▶ WHAT THE TASK REQUIRES:
Transcribe every line below exactly; no image goes into the output.

▶ DATASET CONTENT:

┏━━

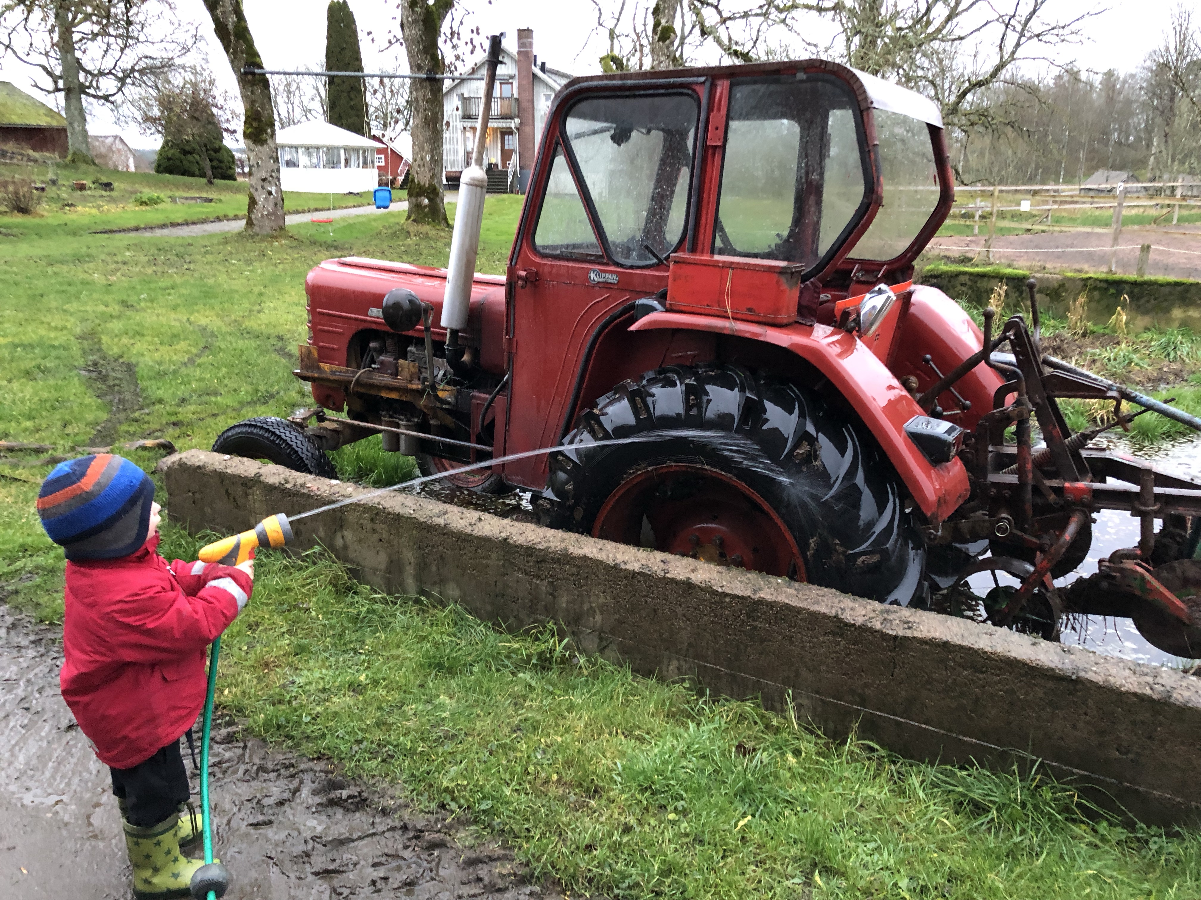 När detta var klart mockade jag lösdriften medan Axel tvättade släpet med högtrycken både invändigt och utvändigt. Det ska inte användas så mycket framöver så tänkte det var bra att tvätta av det. Vi tog även ut mattan för att rengöra golvet ordentligt och tänkte inte lägga in den på några dagar så släpet torkar ordentligt. Vi parkerade det inne i ladan, annars skulle det nog bli svårt med just tork-delen, hehe.
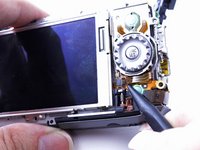 To remove the casing around the LCD screen, begin by removing the top of the casing (which is in two pieces). First, remove the small hinge on the right side.
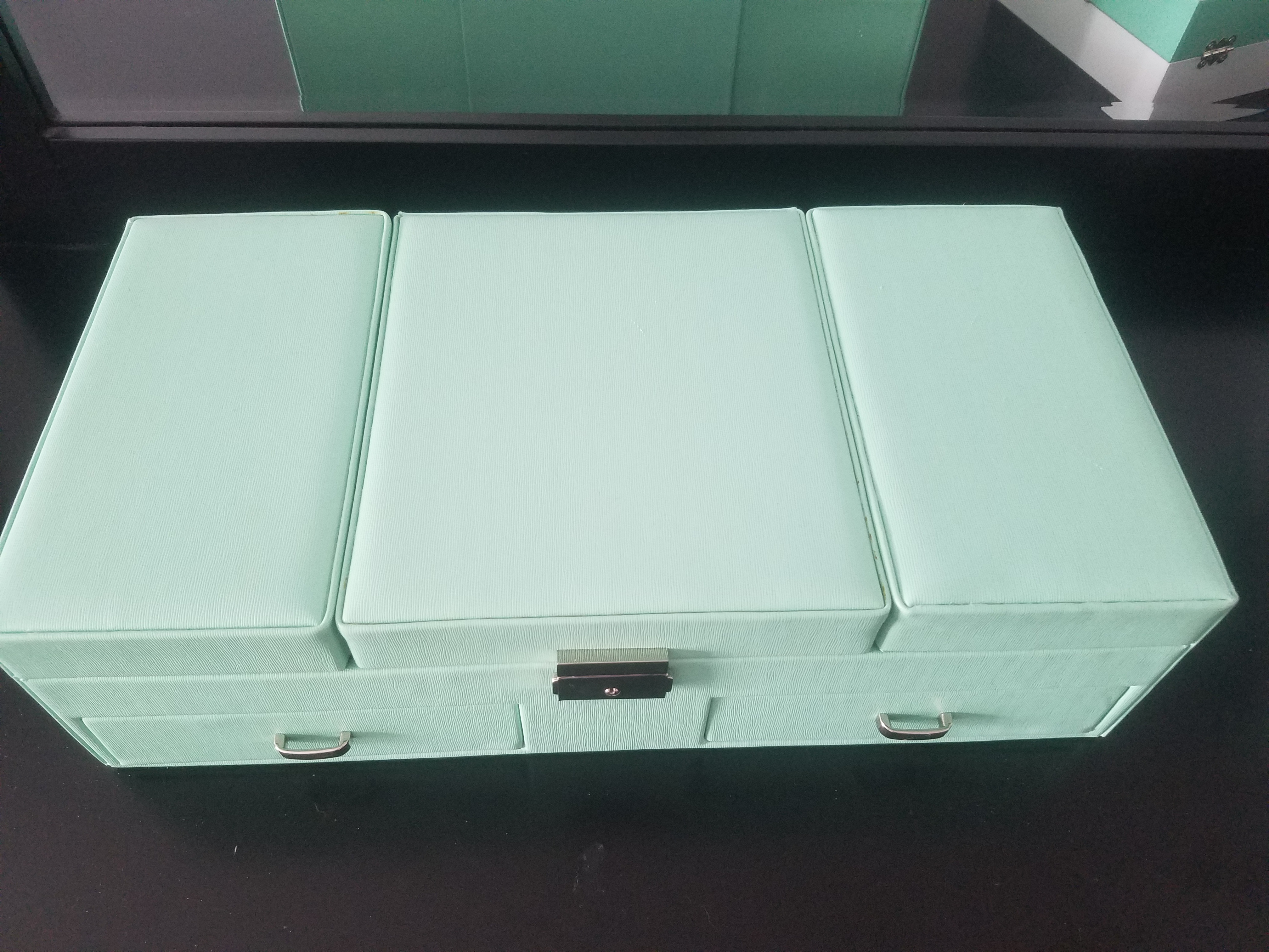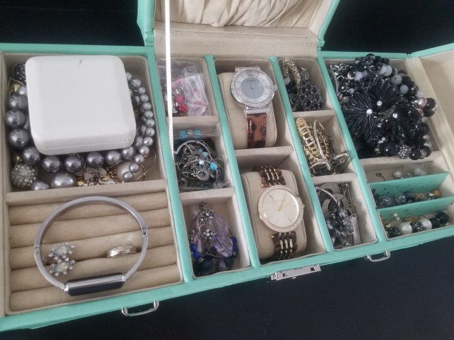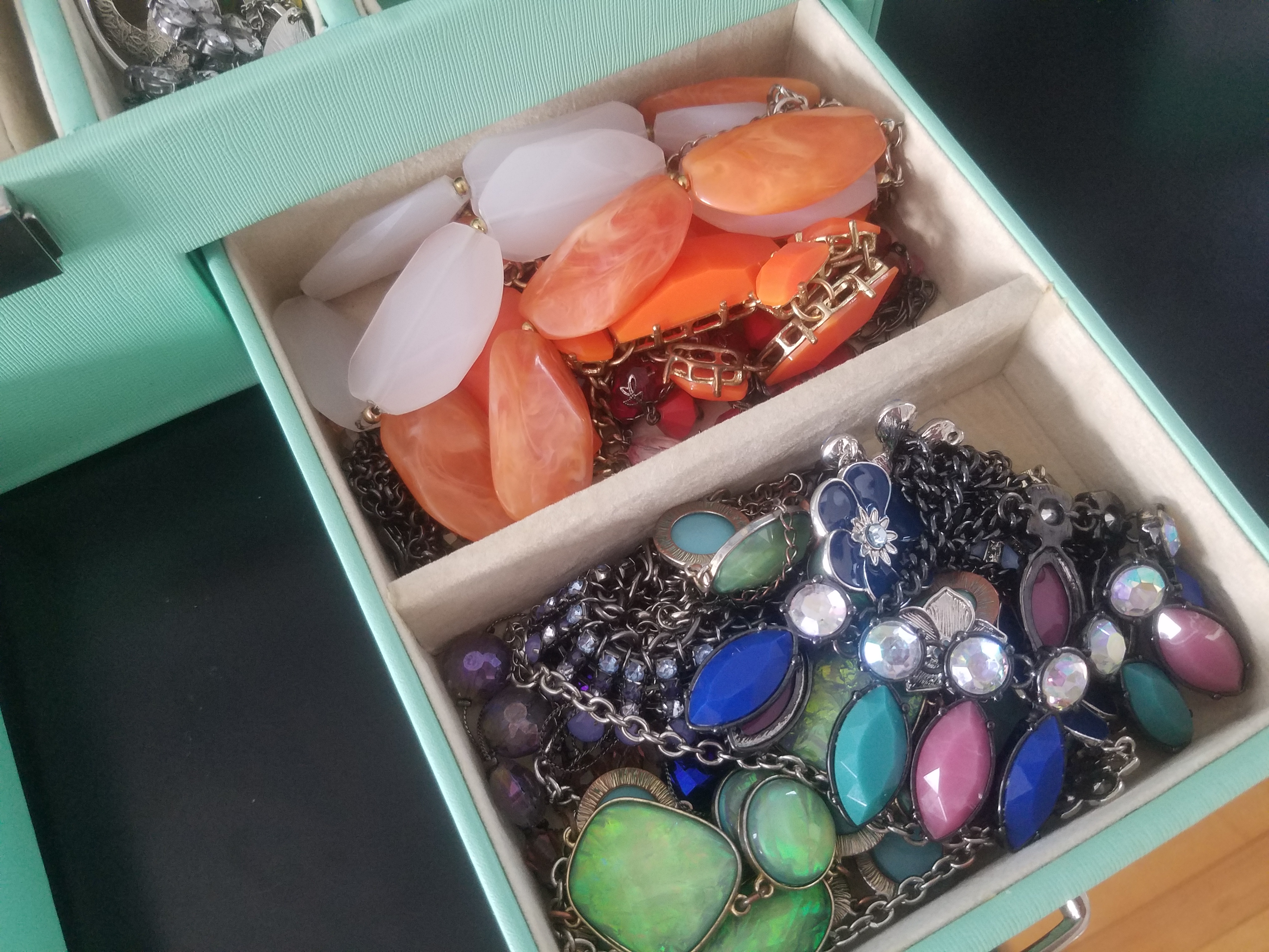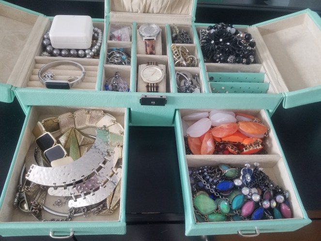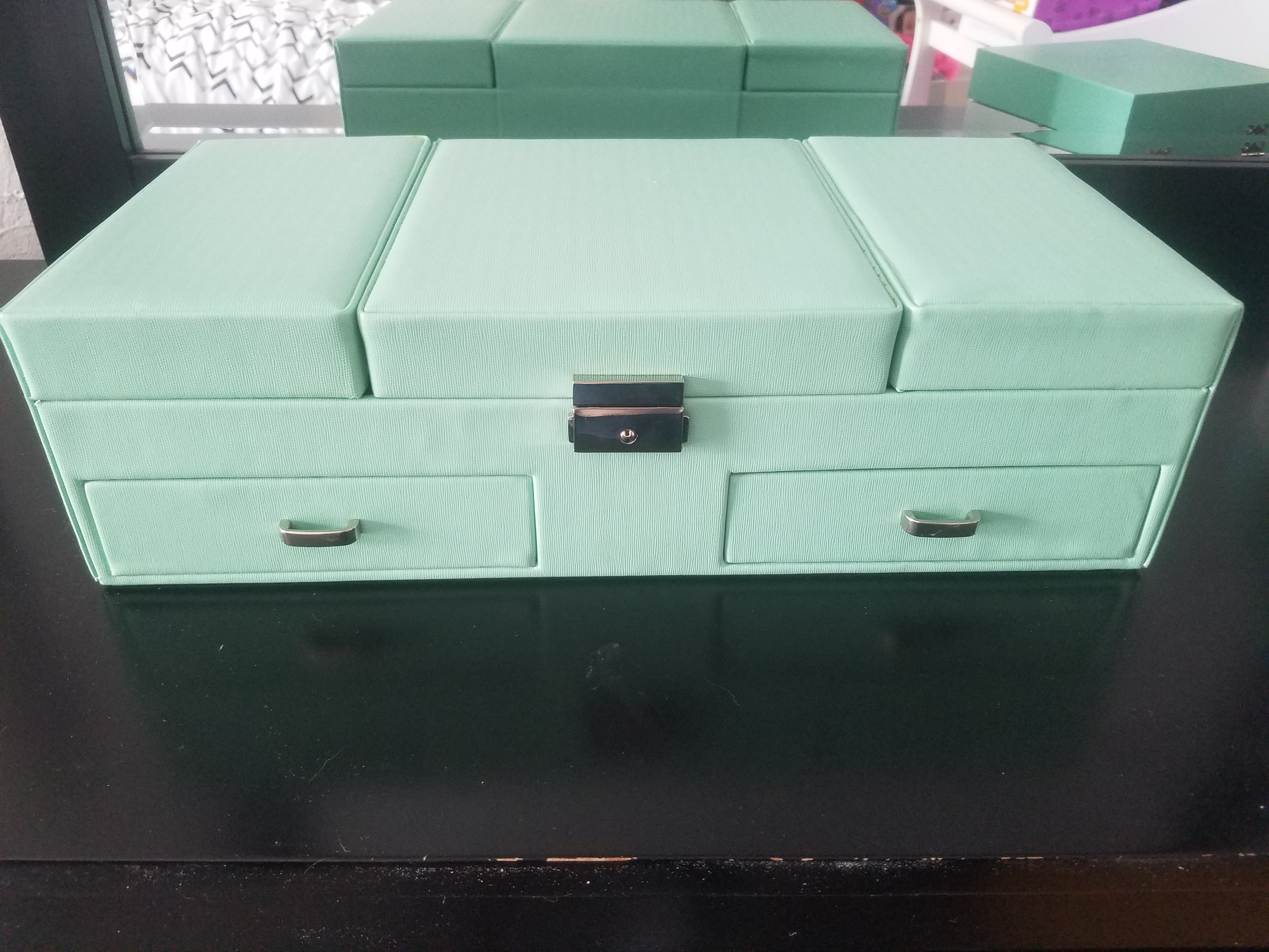 The mint jewelry box has many areas to store jewelry including on the top and front drawers. I store some of my necklaces, earrings, rings, and watches in the top. In the front drawers, I store the rest of my necklaces. I organize my necklaces and earrings by color.
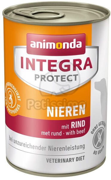 Animonda Integra Protect Nieren kutya marhahús 400g - Termékleírás INTEGRA PROTECT Nieren - veseelégtelenségben szenvedő kutyák számára marhahús ízesítéssel. A veseelégtelenségben szenvedő kutyáknak speciális, csökkentett foszfor- és fehérjetartalmú eledelre van szükségük. Beteg kutyában a fehérje-anyagcsere végtermékeinek kiválasztása erősen korlátozott, így a m

┗━━

▶ SOLUTION BELOW:
 När detta var klart mockade jag lösdriften medan Axel tvättade släpet med högtrycken både invändigt och utvändigt. Det ska inte användas så mycket framöver så tänkte det var bra att tvätta av det. Vi tog även ut mattan för att rengöra golvet ordentligt och tänkte inte lägga in den på några dagar så släpet torkar ordentligt. Vi parkerade det inne i ladan, annars skulle det nog bli svårt med just tork-delen, hehe.
 To remove the casing around the LCD screen, begin by removing the top of the casing (which is in two pieces). First, remove the small hinge on the right side.
 The mint jewelry box has many areas to store jewelry including on the top and front drawers. I store some of my necklaces, earrings, rings, and watches in the top. In the front drawers, I store the rest of my necklaces. I organize my necklaces and earrings by color.
 Animonda Integra Protect Nieren kutya marhahús 400g - Termékleírás INTEGRA PROTECT Nieren - veseelégtelenségben szenvedő kutyák számára marhahús ízesítéssel. A veseelégtelenségben szenvedő kutyáknak speciális, csökkentett foszfor- és fehérjetartalmú eledelre van szükségük. Beteg kutyában a fehérje-anyagcsere végtermékeinek kiválasztása erősen korlátozott, így a m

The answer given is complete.